Using the k6 scenarios API with the constant-arrival-rate executor rather than constant-vus. This maintains request rate regardless of response time (though VUs still coordinate within each iteration).
Processing raw --out json data through a Java or Python HdrHistogram library with recordValueWithExpectedInterval for post-hoc correction.
Pair k6 results with server-side APM traces (which record every request independently of the VU's state) to cross-validate p99.

Step 4 - Request-rate vs. concurrency models

Understanding which model your test uses changes how you interpret the results.

Model	k6 executor	How latency is measured
Concurrency (VU)	`constant-vus` (default)	VU holds a slot for the duration of the request. Throughput adapts to latency.
Request-rate	`constant-arrival-rate`	k6 issues requests at a fixed rate. If VUs run out, k6 reports `dropped_iterations`.

With constant-vus, a high p99 might be masking the fact that throughput also dropped during those slow periods. The system's capacity degraded; the histogram only shows that some requests were slow, not that many were never sent.

With constant-arrival-rate, slow requests cause VU starvation. Watch dropped_iterations alongside percentiles. If dropped_iterations > 0, the p99 you see is from the requests that did complete - it excludes the dropped ones which represent an infinite-latency from the user's perspective.

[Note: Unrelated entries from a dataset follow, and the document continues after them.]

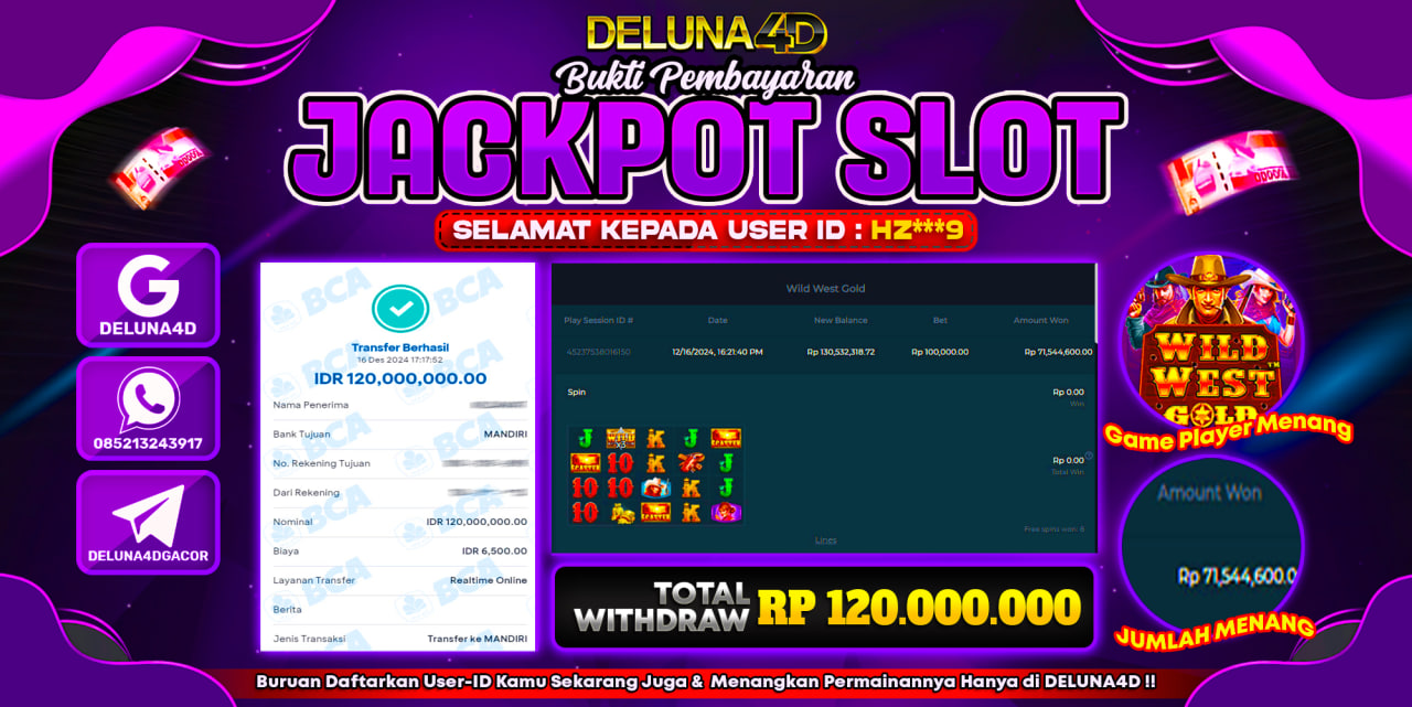 Selamat atas kemenangan User ID : HZ***9, yang telah berhasil mendapatkan kemenangan di permainan SLOT GACOR WILD WEST GOLD dengan kemenangan sebesar Rp 120.000.000,- . Setelah mengisi formulir withdraw, hanya dalam jangka waktu 3 – 5 menitan tim layanan pelanggan DELUNA4D telah berhasil menegirimkan semua saldo kemenangan ke User ID tersebut.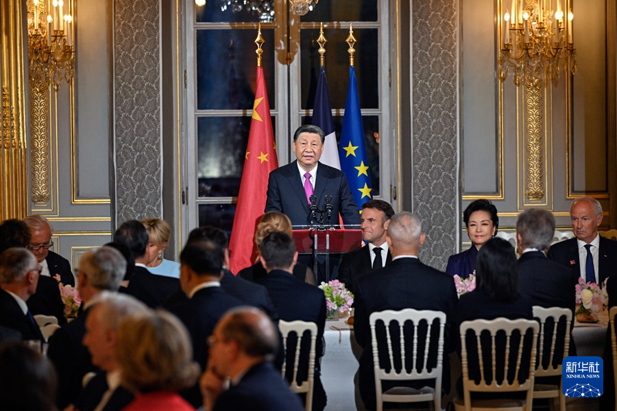 當?shù)貢r間5月6日晚,國家主席習近平和夫人彭麗媛在巴黎愛麗舍宮出席法國總統(tǒng)馬克龍和夫人布麗吉特舉行的歡迎宴會。新華社記者 殷博古 攝當?shù)貢r間5月6日晚,國家主席習2024-05-07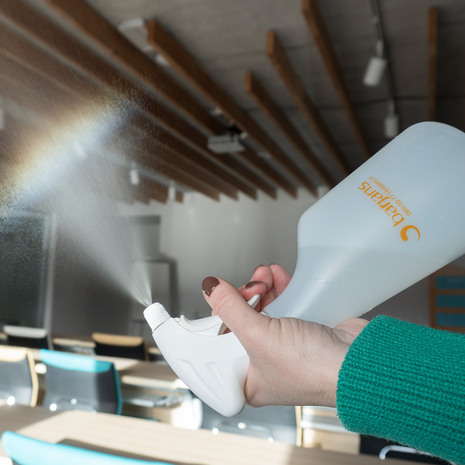 Plastenka z nastavljivo razpršilko, ki jo lahko uporabljamo v vseh pozicijah (tudi "na glavo"). Izdelana iz PE plastike, z merilom v ml. Volumen je 630 ml. Razpršilka...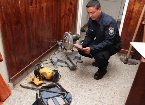 Efectivos de la Comisaría 18va persiguieron a dos sujetos en moto que robaron una carpintería, hasta obligarlos a abandonar el botín a la 1.10 de ayer en una huella del Río Yakín, Albardón. Allí dejaron una sierra circular y un esmeril sustraídos de un local de calle La Paz. Los sospechosos huyeron. Según Carlos Moreno (42), el damnificado, queda recuperar una soldadora y una máquina para cortar metales.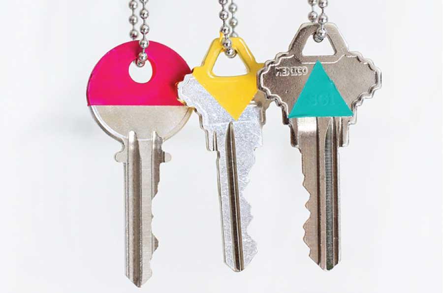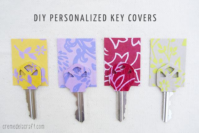 Otra idea de Creme de la Craft para personalizar las llaves es utilizando papeles de colores. Una especie de decoupage. Busca papeles estampados con tus motivos favoritos y pégalos con cola en las llaves para identificarlas rápidamente. Tendrás que recortar el papel con la forma de la llave y listo. Seguro que quedan muy bonitas y originales.

A concrete read-back pattern using the summary.json export:

jq '{
  p50:    .metrics.http_req_duration.values["p(50)"],
  p95:    .metrics.http_req_duration.values["p(95)"],
  p99:    .metrics.http_req_duration.values["p(99)"],
  tail_ratio: (.metrics.http_req_duration.values["p(99)"] /
               .metrics.http_req_duration.values["p(50)"]),
  dropped: .metrics.dropped_iterations.values.count
}' summary.json

A non-null dropped count combined with a low tail ratio is a red flag: the fast percentiles are artificially low because the slow requests were never issued.

Step 5 - Thresholds to gate on

Per k6 thresholds, set thresholds on the metrics that surface the patterns above:

export const options = {
  summaryTrendStats: ['avg', 'min', 'med', 'max', 'p(50)', 'p(90)', 'p(95)', 'p(99)', 'p(99.9)'],
  thresholds: {
    // Gate on p99 as well as p95 - the tail matters.
    http_req_duration:  ['p(95)<500', 'p(99)<1500'],
    // TTFB gate catches server-side slowness independently of payload size.
    http_req_waiting:   ['p(99)<1000'],
    // A blocked p99 > 50ms means connection pool exhaustion at the VU layer.
    http_req_blocked:   ['p(99)<50'],
    http_req_failed:    ['rate<0.01'],
    // Gate on dropped iterations when using constant-arrival-rate.
    dropped_iterations: ['count<10'],
  },
};

The http_req_blocked threshold catches a pathology that p95/p99 on http_req_duration can obscure: requests that spend the majority of their time waiting for a free socket at the client, not at the server.

Anti-patterns

Anti-pattern	Why it misleads	Fix
Reporting only `p(95)` in the summary	The 1-in-20 slowest requests are invisible. A p95 of 400ms with a p99 of 4000ms looks healthy.	Add `p(99)` and `p(99.9)` via `summaryTrendStats`.
Averaging across ramp-up and plateau	Low-load ramp-up samples dilute plateau tail.	Use separate scenarios or post-filter the JSON export by timestamp.
Ignoring `dropped_iterations`	Under `constant-arrival-rate`, unreported requests make p99 look better than reality.	Always include `dropped_iterations` in the summary export check.
Treating avg as representative	A bimodal distribution has no typical request; avg falls between the two modes.	Use med (p50) as the central tendency; use tail ratio to confirm shape.
Comparing p99 across different VU counts	Higher concurrency changes the distribution; the numbers are not comparable.	Normalize by `http_reqs` rate (RPS) and note the executor type alongside any p99 number.

References

k6 metrics reference - full list of built-in metrics, types, and per-phase breakdown (http_req_waiting, http_req_blocked, etc.).
k6 thresholds - threshold syntax, p(N) aggregation, abortOnFail.
k6 summary-trend-stats option - how to add p(99) and p(99.9) to the default CLI summary.
k6 end-of-test summary - summary modes, handleSummary for JSON export.
HdrHistogram README - coordinated omission explanation and recordValueWithExpectedInterval correction method.
k6-load-testing - authoring k6 scripts, stages, and the basic threshold CI gate. This skill reads the output that one produces.